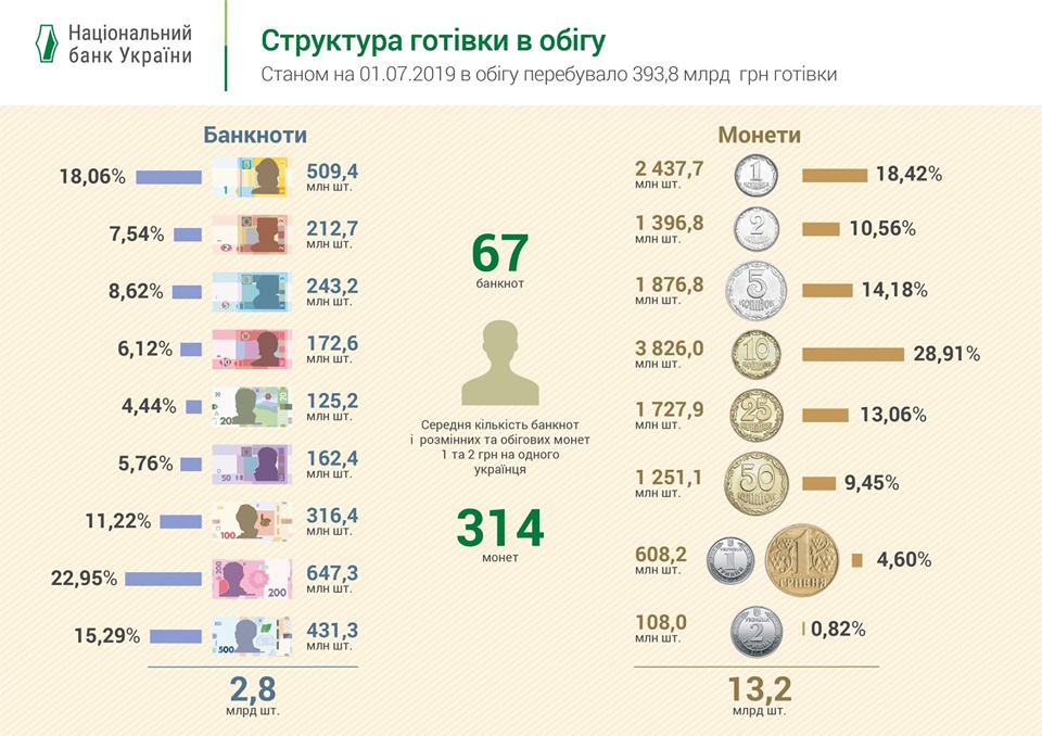 Как отмечает НБУ, в наличном обращении страны по состоянию на начало июля находилось наличности на общую сумму 393,8 млрд грн. В частности, банкнот - на сумму 391,3 млрд грн (2, млрд шт.) и монет - 2,4 млрд грн (13,2 млрд шт.).
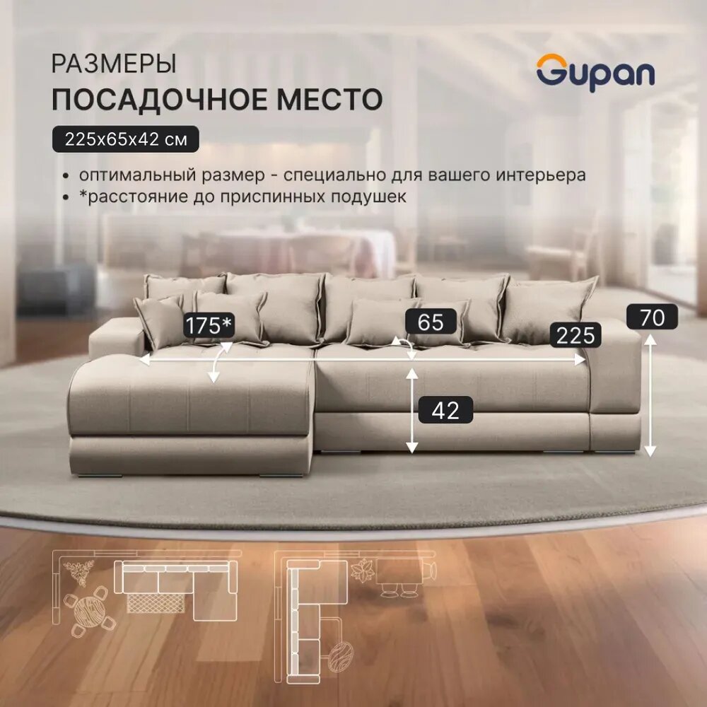 СохранитьДиван угловой Gupan Olis Велюр Amigo Cream, раскладной, механизм еврокнижка, беспружинный, с ящиком для белья интересное:
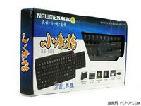 【泡泡网键盘鼠标摄像头频道】在对传统的键盘有些司空见惯,当这款新贵“小魔指”KB-806键盘出现在我们眼前时,绝对能够令人眼前一亮。虽然市面上迷你键盘并不少见,但新贵“小魔指”可以说是附加功能丰富,很有特色,比较出众的一款迷你键盘。 外包装 新贵“小魔指”键盘的外观,主体黑色,类似明基“海贝”键盘的弧形键面设计,并有多达24个快捷键,还设计有滚轮,便于用户进行文档或网页的浏览滚屏。
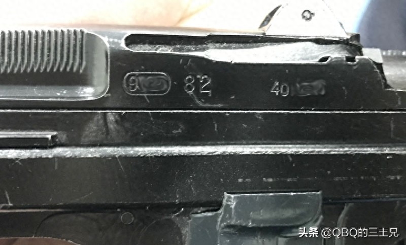 82式机匣右侧的标识,从左至右分别是厂号、型号和枪号。
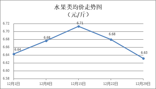 水果類商品價格總體略降。所監(jiān)測的6種水果商品價格波動情況為1漲4跌1平,綜合零售均價為每斤6.63元,環(huán)比下降0.72%。其中橙子、蘋果、葡萄零售均價分別為每斤5.84元、7.36元、13.89元,環(huán)比分別下降2.01%、下降0.94%、下降0.50%。
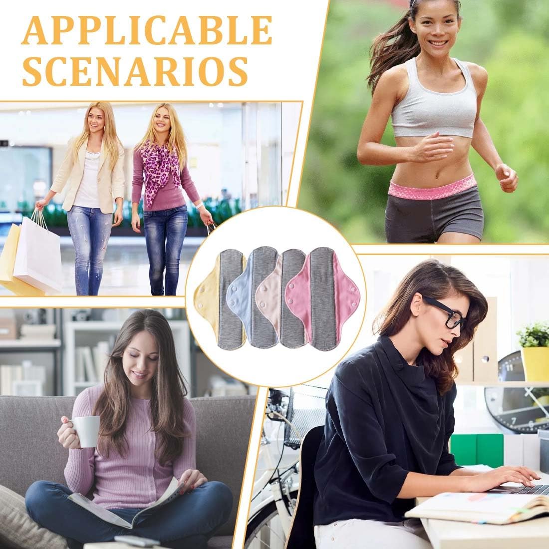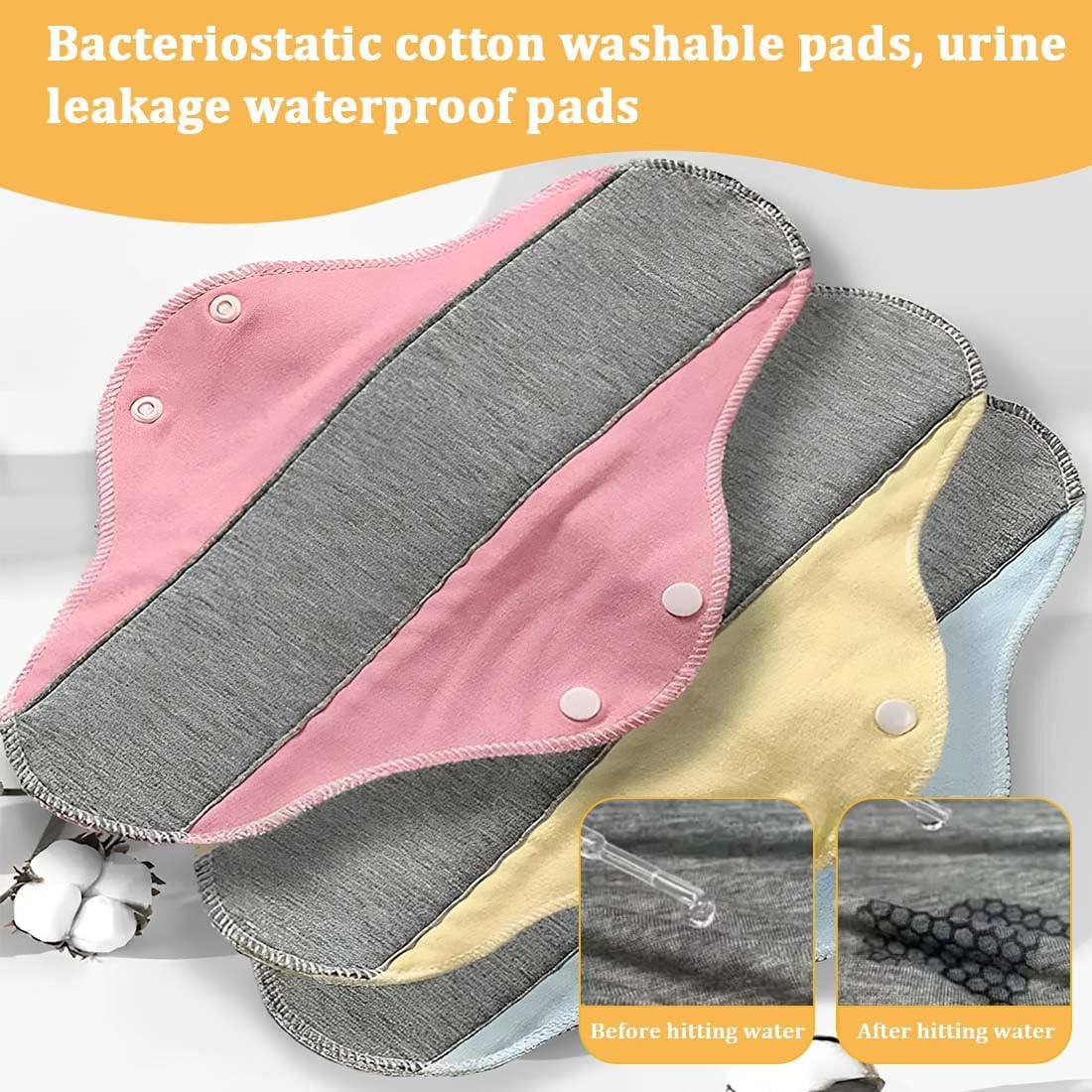 4 Reusable Sanitary Pads, Antibacterial Cotton, Graphene Cotton, Washable Nighttime Heavy Flow Menstrual Sanitary Pads
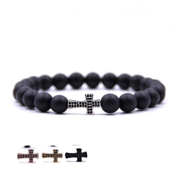 Bracelet with elastic (fits perfectly on all wrists). A subtly painted Christian cross delicately decorated with numerous discreet and elegant rhinestones. A modern and elegant bracelet with an unmistakable style. Wear on your wrist all the love and protection of Christ at an affordable price.
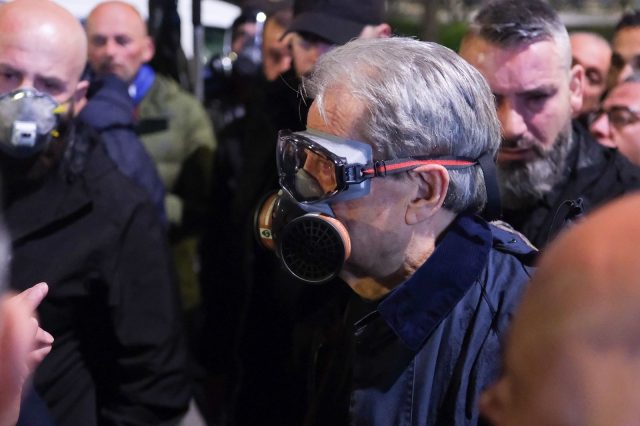 Po ashtu, kreu i PD u lag edhe nga uji i hedhur nga autobotët e policisë, të përdorura për shpërndarjen e turmës.
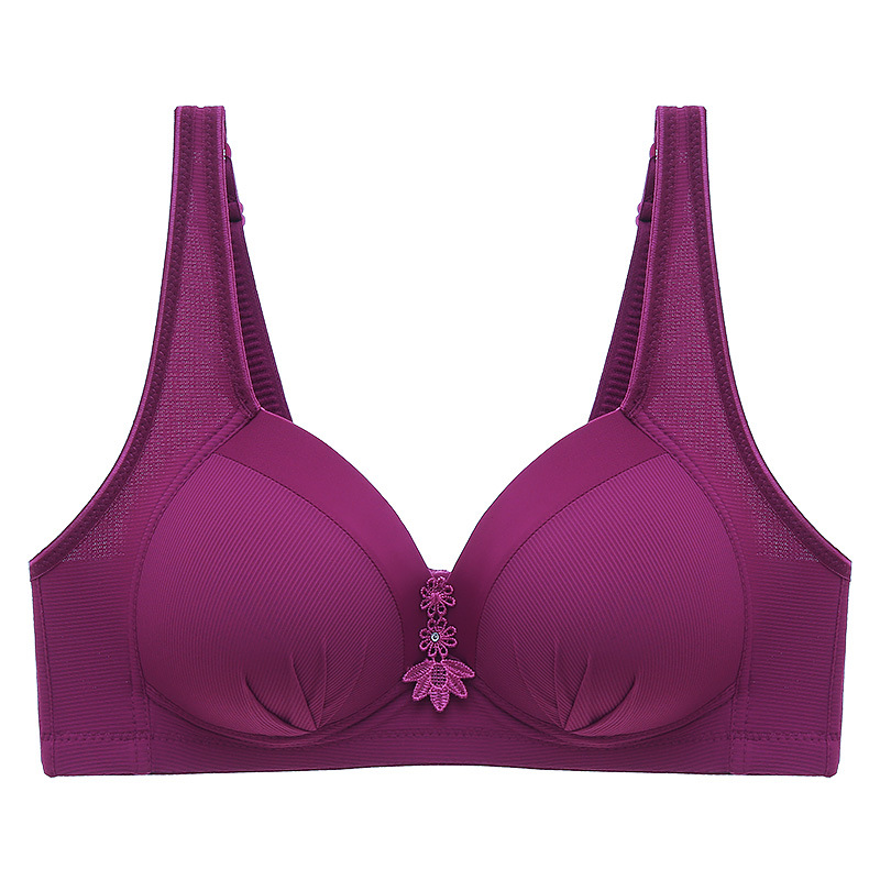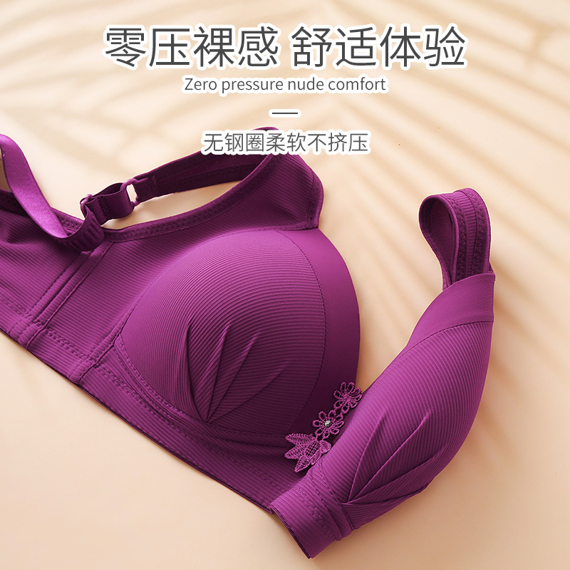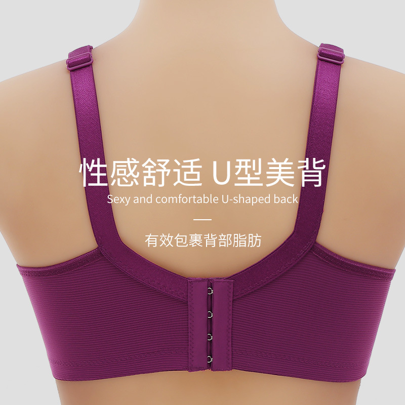 厂家直供大码光面无钢圈聚拢内衣薄模杯四排扣大胸显小调整型文胸
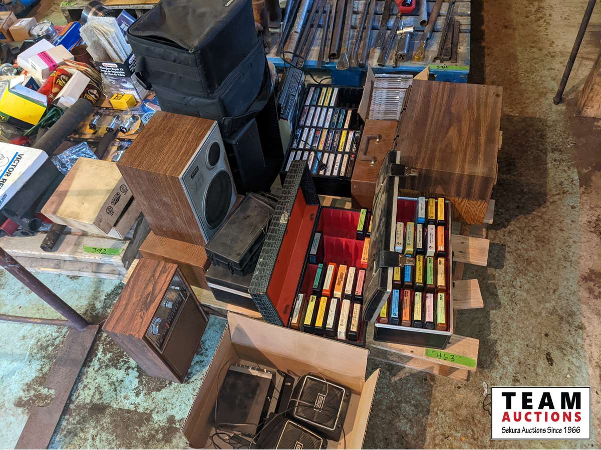 334 Qty of Cassettes, CD's, 8 Track Tapes, Speakers, Radio's, 8 Track Player
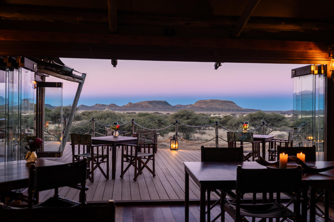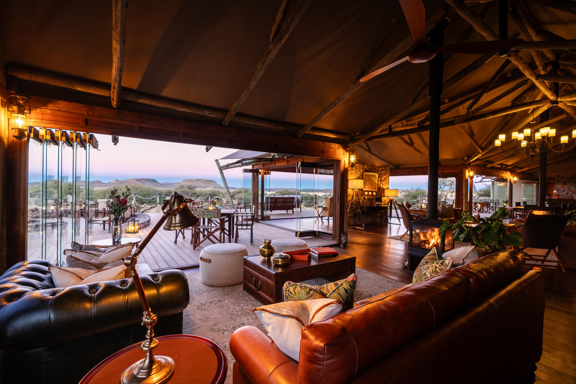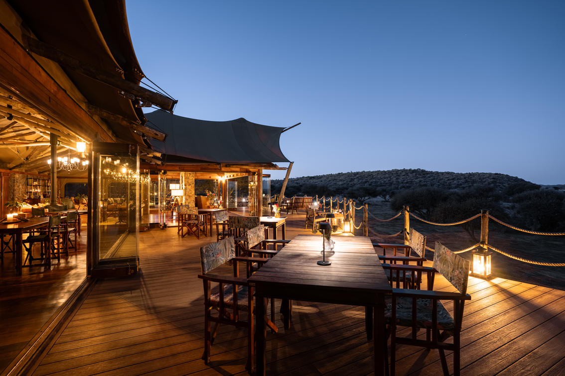 The restaurant at Maloba’s main lodge is designed as an elegant yet welcoming space where the rhythm of the wilderness shapes each meal. With floor-to-ceiling views of the Kalahari, guests dine against a backdrop of endless skies and roaming wildlife.
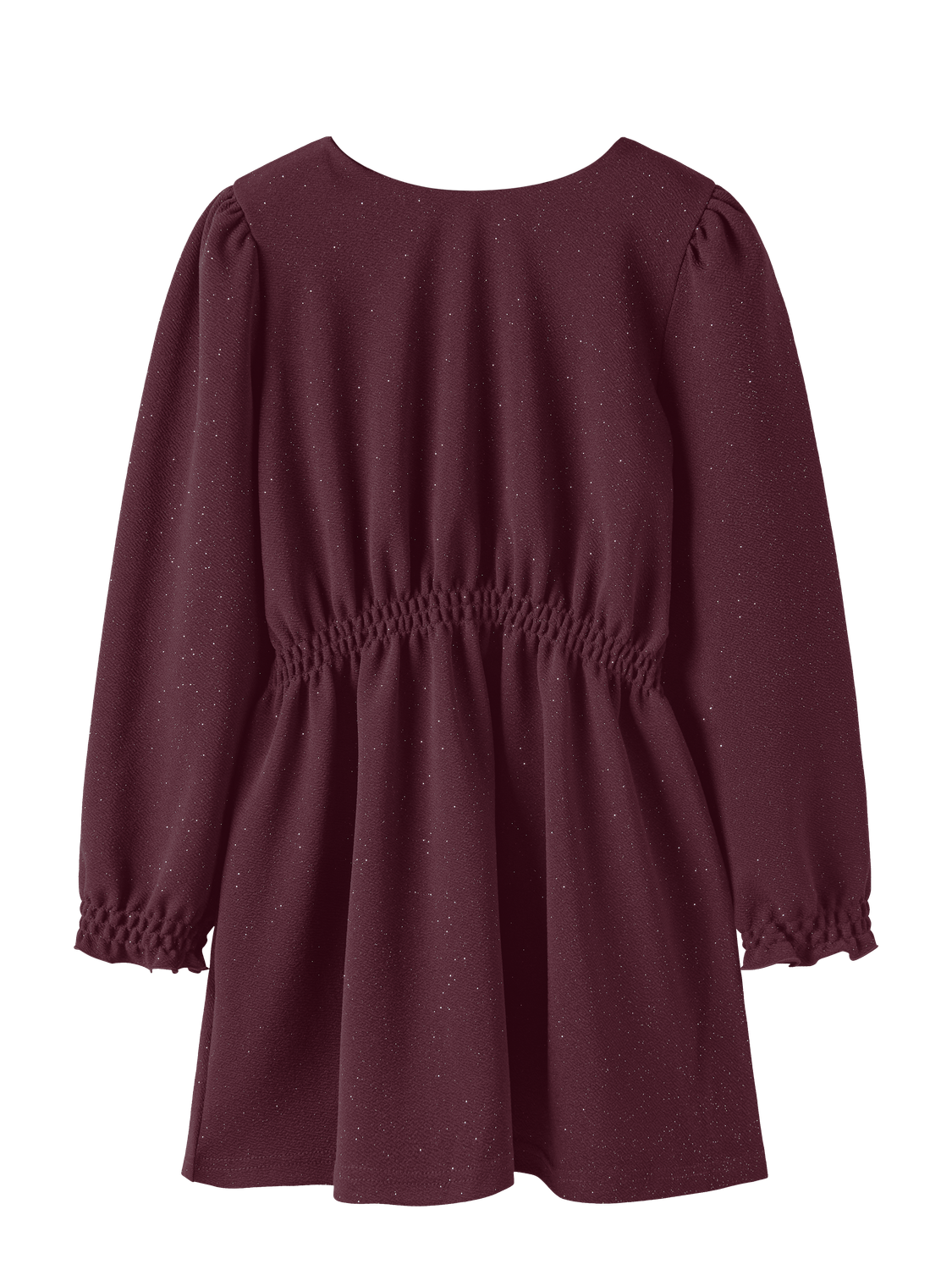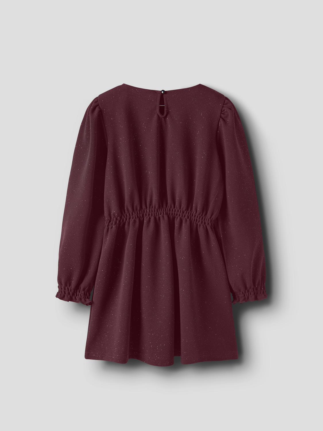 Name It - Nkfroka Ls Waist Dress - Burgundy O-Neck
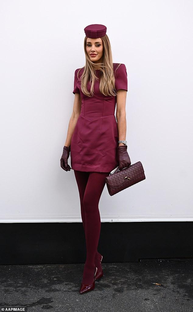 Rebecca Judd (pictured) has been brutally roasted after attending the Melbourne Cup Carnival on Tuesday in a burgundy mini dress

Exercise objective: Your answer must be everything above from the line with "水果類商品價格總體略降。所監" down to the line with "The restaurant at", word for word, and no pictures.

Solution to this problem:
 水果類商品價格總體略降。所監(jiān)測的6種水果商品價格波動情況為1漲4跌1平,綜合零售均價為每斤6.63元,環(huán)比下降0.72%。其中橙子、蘋果、葡萄零售均價分別為每斤5.84元、7.36元、13.89元,環(huán)比分別下降2.01%、下降0.94%、下降0.50%。
 4 Reusable Sanitary Pads, Antibacterial Cotton, Graphene Cotton, Washable Nighttime Heavy Flow Menstrual Sanitary Pads
 Bracelet with elastic (fits perfectly on all wrists). A subtly painted Christian cross delicately decorated with numerous discreet and elegant rhinestones. A modern and elegant bracelet with an unmistakable style. Wear on your wrist all the love and protection of Christ at an affordable price.
 Po ashtu, kreu i PD u lag edhe nga uji i hedhur nga autobotët e policisë, të përdorura për shpërndarjen e turmës.
 厂家直供大码光面无钢圈聚拢内衣薄模杯四排扣大胸显小调整型文胸
 334 Qty of Cassettes, CD's, 8 Track Tapes, Speakers, Radio's, 8 Track Player
 The restaurant at Maloba’s main lodge is designed as an elegant yet welcoming space where the rhythm of the wilderness shapes each meal. With floor-to-ceiling views of the Kalahari, guests dine against a backdrop of endless skies and roaming wildlife.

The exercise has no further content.